[Recorded data Boundary: Start]

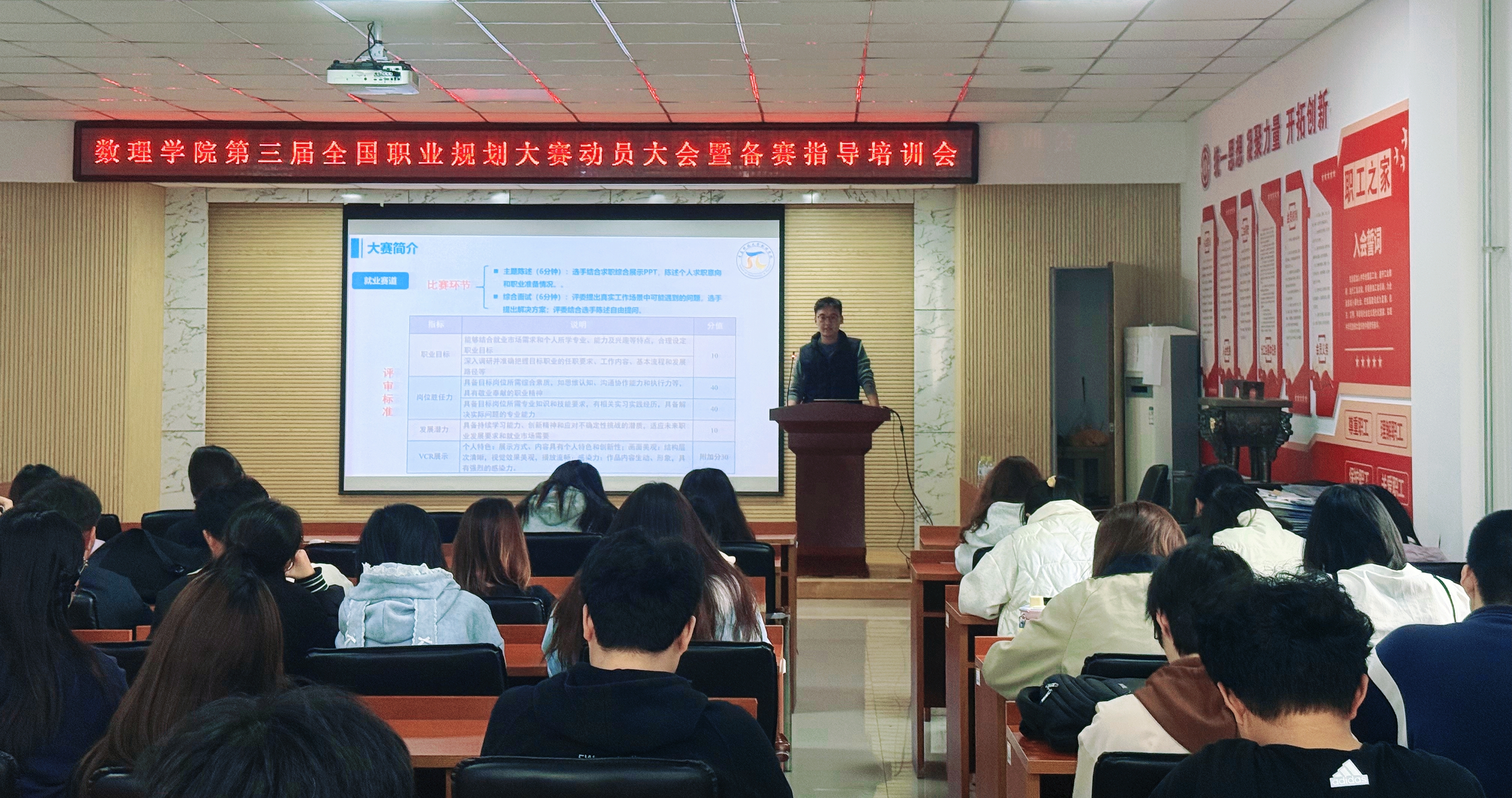 学院高度重视本次职业规划大赛,将其作为深化人才培养,推动就业育人工作的重要载体与关键抓手。会上,丁璇思围绕职业规划大赛的主题与重要意义展开详细解读,他指出,职业规划大赛是学生明确职业方向、提升综合素养的重要平台,不仅能帮助同学们精准定位职业目标,更能通过备赛过程锤炼实践能力、增强就业核心竞争力。此外,会议还系统介绍了大赛的赛事组别、赛程安排、作品要求等关键内容,并结合往届案例,指导学生将个人规划与自身专业、国家需求相结合,助力学生在比赛中明晰社会价值坐标,为未来职业发展奠定清晰基础。
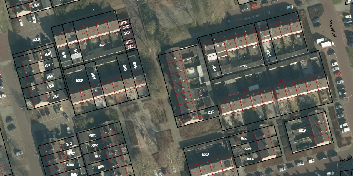 Het perceel waarop Heidehof 83 staat heeft een oppervlakte van 3907 m². Dit is een zeer groot perceel. De perceeloppervlakte wordt geregistreerd door het Kadaster. Gedetailleerde informatie over de maten van dit perceel kunt u vinden in het rapport Kadastrale kaart met maatvoering van Heidehof 83.
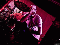 Après le set remarquable de GRIND-O-MATIC, c’est DIKTAT ("Dictateur" selon Roger), un autre groupe parisien qui arrive sur la minuscule scène du Klub (également problématique vu le nombre de musiciens). Le groupe a débuté son set avec "Offended" de leur démo "II" (2008), un morceau technique, brutal, qui ne laisse de répit ni aux musiciens, nu au public. C’est un condensé de violence, qui a installé une atmosphère pesante, suffocante. S’en suit "Indiscipline Jurisprudence", morceau qui garde les mêmes caractéristiques que le précédent, à la différence qu’il est davantage dansant. Il est quand même indispensable de saluer le jeu très puissant de Romain à la batterie, et le jeu ultra rapide d’Alex à la guitare, notamment pendant les solos. En vérité, il serait juste de saluer le jeu de tous les musiciens, des alternances de solos de guitares entre Alex et Jérémie, à la voix de Mathieu qui reste dans les traditions du brutal death, et j’en passe ! On regrettera tout de même que Michael à la basse reste autant en retrait, à cause de la scène minuscule du Klub. Lors de ce set, DIKTAT nous a proposé deux nouveaux morceaux, qui n’ont pour l’instant pas de nom. C’étaient des morceaux restant sur la même lignée que les précédents, mais on pouvait quand même percevoir leur caractère un peu plus abouti, musicalement. Un délice. Ensuite, le groupe nous a joué "The Nihilist" et "Sadus & Marie" également sur la démo "II", morceaux au paroxysme de la brutalité, avec des solos exquis, mais avec un caractère assez linéaire (ceci dit, moins que les autres). Ainsi, le set de DIKTAT s’est plutôt bien déroulé, cependant on entendait trop peu les guitares par rapport au chant. Le public était réceptif à la musique, même si il aurait pu se donner beaucoup plus. Un autre moment foutrement agréable, de la soirée.
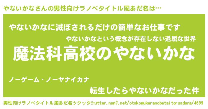 | 女子向けラノベタイトル風あだ名 | 『やないかななんてお断りですっ。』 |

[Recorded data Boundary: End]

▶ [What you will do]:
Your answer should reproduce every line of the data verbatim and include no images.

▶ [Exercise output]:
 学院高度重视本次职业规划大赛,将其作为深化人才培养,推动就业育人工作的重要载体与关键抓手。会上,丁璇思围绕职业规划大赛的主题与重要意义展开详细解读,他指出,职业规划大赛是学生明确职业方向、提升综合素养的重要平台,不仅能帮助同学们精准定位职业目标,更能通过备赛过程锤炼实践能力、增强就业核心竞争力。此外,会议还系统介绍了大赛的赛事组别、赛程安排、作品要求等关键内容,并结合往届案例,指导学生将个人规划与自身专业、国家需求相结合,助力学生在比赛中明晰社会价值坐标,为未来职业发展奠定清晰基础。
 Het perceel waarop Heidehof 83 staat heeft een oppervlakte van 3907 m². Dit is een zeer groot perceel. De perceeloppervlakte wordt geregistreerd door het Kadaster. Gedetailleerde informatie over de maten van dit perceel kunt u vinden in het rapport Kadastrale kaart met maatvoering van Heidehof 83.
 Après le set remarquable de GRIND-O-MATIC, c’est DIKTAT ("Dictateur" selon Roger), un autre groupe parisien qui arrive sur la minuscule scène du Klub (également problématique vu le nombre de musiciens). Le groupe a débuté son set avec "Offended" de leur démo "II" (2008), un morceau technique, brutal, qui ne laisse de répit ni aux musiciens, nu au public. C’est un condensé de violence, qui a installé une atmosphère pesante, suffocante. S’en suit "Indiscipline Jurisprudence", morceau qui garde les mêmes caractéristiques que le précédent, à la différence qu’il est davantage dansant. Il est quand même indispensable de saluer le jeu très puissant de Romain à la batterie, et le jeu ultra rapide d’Alex à la guitare, notamment pendant les solos. En vérité, il serait juste de saluer le jeu de tous les musiciens, des alternances de solos de guitares entre Alex et Jérémie, à la voix de Mathieu qui reste dans les traditions du brutal death, et j’en passe ! On regrettera tout de même que Michael à la basse reste autant en retrait, à cause de la scène minuscule du Klub. Lors de ce set, DIKTAT nous a proposé deux nouveaux morceaux, qui n’ont pour l’instant pas de nom. C’étaient des morceaux restant sur la même lignée que les précédents, mais on pouvait quand même percevoir leur caractère un peu plus abouti, musicalement. Un délice. Ensuite, le groupe nous a joué "The Nihilist" et "Sadus & Marie" également sur la démo "II", morceaux au paroxysme de la brutalité, avec des solos exquis, mais avec un caractère assez linéaire (ceci dit, moins que les autres). Ainsi, le set de DIKTAT s’est plutôt bien déroulé, cependant on entendait trop peu les guitares par rapport au chant. Le public était réceptif à la musique, même si il aurait pu se donner beaucoup plus. Un autre moment foutrement agréable, de la soirée.
 | 女子向けラノベタイトル風あだ名 | 『やないかななんてお断りですっ。』 |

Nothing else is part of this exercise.